##### STUDY MATERIAL
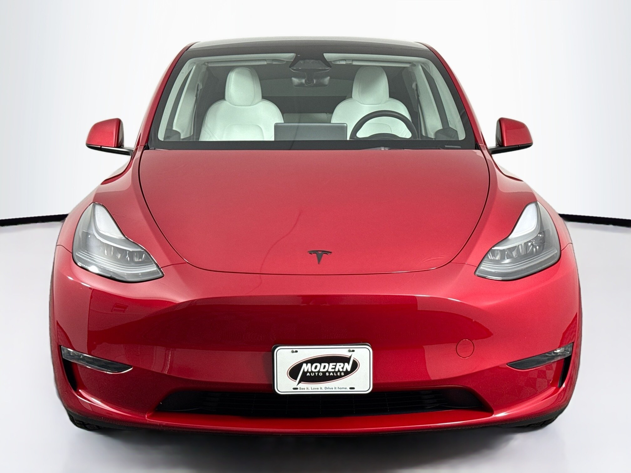 This 2023 Tesla Model Y Long Range has only 24k miles and is finished in the sought after red exterior with a white interior. In fantastic condition with AWD, strong range, and a clean modern interior. Come see why so many people are making the switch to Tesla. Schedule a test drive today or start the purchase process online! This is the one you want to make a deal on, its up to date on all service and maintenance and its available to take home today. Stop by for a closer look, you will love it. This 2023 Tesla Model Y Long Range AWD has been through our Modern Certification Process, which includes a Written Warranty, a Complete Auto Detail, Spare Keys, Owners Manuals, a Full tank of Gas, FREE Vehicle History Report, 120-Point Rigorous Inspection, access to the vehicle service records, and Live Market Pricing, so you will have all the information you need to make a confident decision. Here at Modern Auto Sales we make the purchasing process easy and hassle free. If you've been searching for just the right vehicle, as well as the right dealership, then stop your search here. Give us a call or submit a form here on this site to schedule your visit, we promise not to waste your time, and you will be given the attention you deserve.
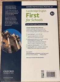 Vendo Oxford Preparation & Practice for Cambridge English First for Schools B2 – Exam Trainer con 7 practice tests. ISBN 978-0-19-411512-4. Include audio scaricabile e accesso a test online. Ottimo per la preparazione all’esame FCE. Prezzo: €15 trattabili. Solo ritiro a mano a Trieste. Per info scrivimi in privato.
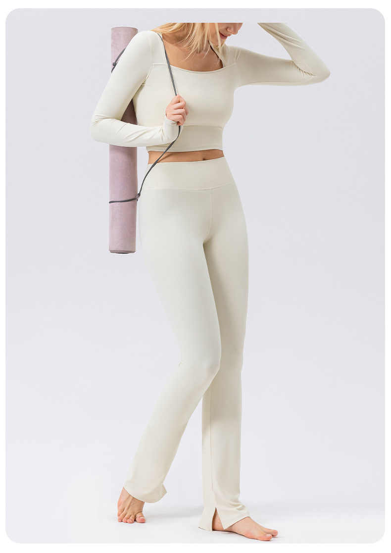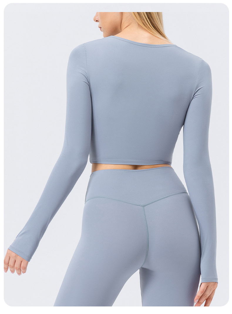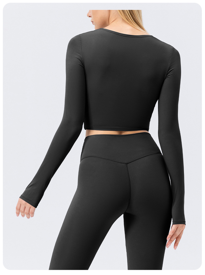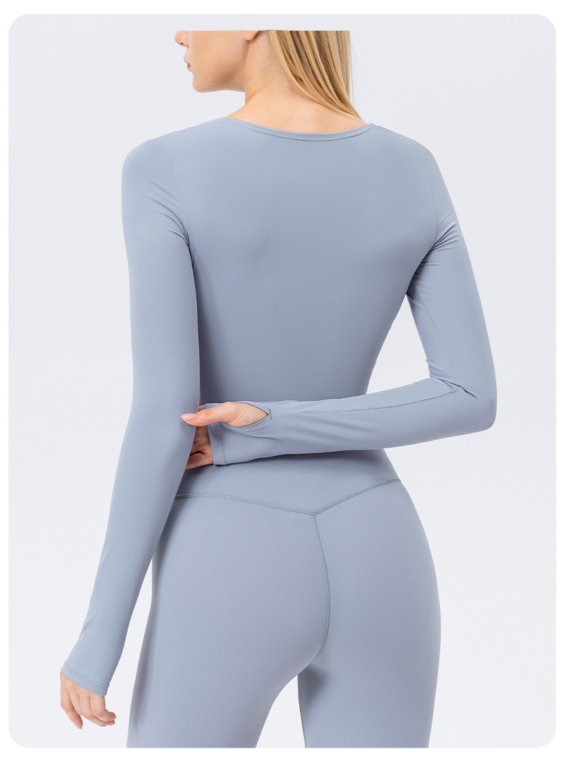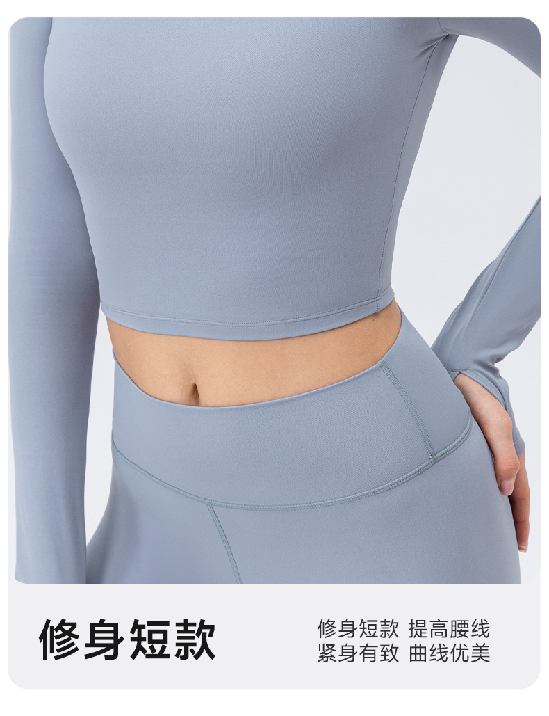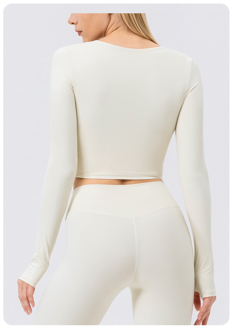 跃牌【欲动春风】系列 秋冬瑜伽服长袖女方领裸感紧身运动T恤42552(此款为欧码)(无胸垫)
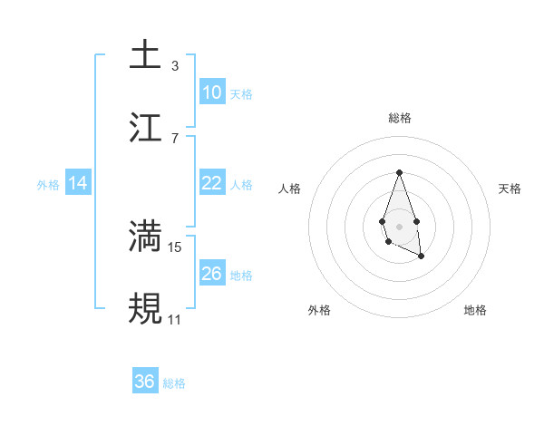 土江 満規さんを姓名の画数から五運を鑑定
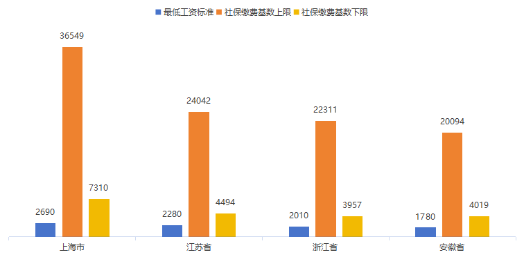 2023年,安徽省职工社保缴费基数下限为4019元每月,上限为20094元每月,同样排在长三角地区的“守门员”位置。
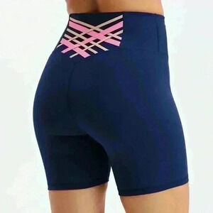 Fabletics Boost PowerHold® High-Waisted 6'' Short Navy Blue Pink Gym Workout Athletic SIZE XL
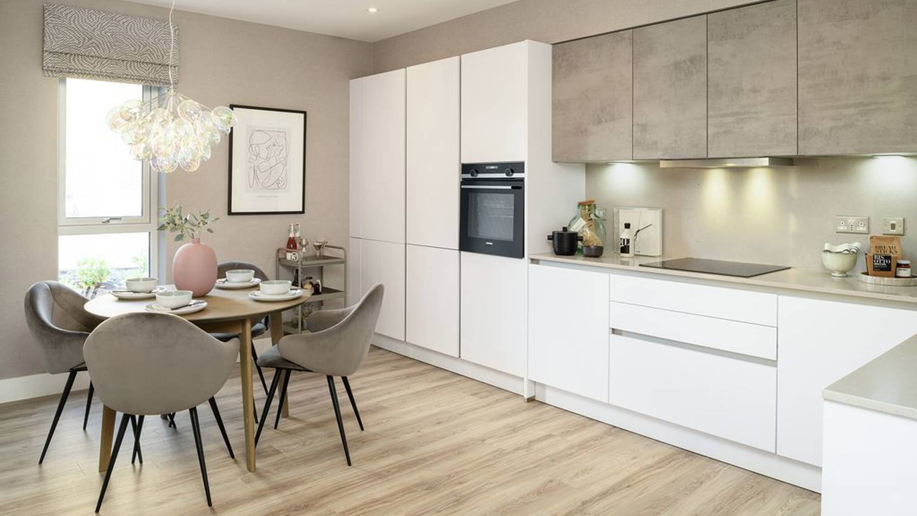 This stunning one-bedroom apartment boasts a spacious open plan living area featuring a designer L-shaped kitchen complete with integrated Siemens appliances and Nolte fittings.
##########
→ ACTION ITEM
All records above are to be printed exactly, minus the pictures they contain.

→ EXERCISE SOLUTION
 This 2023 Tesla Model Y Long Range has only 24k miles and is finished in the sought after red exterior with a white interior. In fantastic condition with AWD, strong range, and a clean modern interior. Come see why so many people are making the switch to Tesla. Schedule a test drive today or start the purchase process online! This is the one you want to make a deal on, its up to date on all service and maintenance and its available to take home today. Stop by for a closer look, you will love it. This 2023 Tesla Model Y Long Range AWD has been through our Modern Certification Process, which includes a Written Warranty, a Complete Auto Detail, Spare Keys, Owners Manuals, a Full tank of Gas, FREE Vehicle History Report, 120-Point Rigorous Inspection, access to the vehicle service records, and Live Market Pricing, so you will have all the information you need to make a confident decision. Here at Modern Auto Sales we make the purchasing process easy and hassle free. If you've been searching for just the right vehicle, as well as the right dealership, then stop your search here. Give us a call or submit a form here on this site to schedule your visit, we promise not to waste your time, and you will be given the attention you deserve.
 Vendo Oxford Preparation & Practice for Cambridge English First for Schools B2 – Exam Trainer con 7 practice tests. ISBN 978-0-19-411512-4. Include audio scaricabile e accesso a test online. Ottimo per la preparazione all’esame FCE. Prezzo: €15 trattabili. Solo ritiro a mano a Trieste. Per info scrivimi in privato.
 跃牌【欲动春风】系列 秋冬瑜伽服长袖女方领裸感紧身运动T恤42552(此款为欧码)(无胸垫)
 土江 満規さんを姓名の画数から五運を鑑定
 2023年,安徽省职工社保缴费基数下限为4019元每月,上限为20094元每月,同样排在长三角地区的“守门员”位置。
 Fabletics Boost PowerHold® High-Waisted 6'' Short Navy Blue Pink Gym Workout Athletic SIZE XL
 This stunning one-bedroom apartment boasts a spacious open plan living area featuring a designer L-shaped kitchen complete with integrated Siemens appliances and Nolte fittings.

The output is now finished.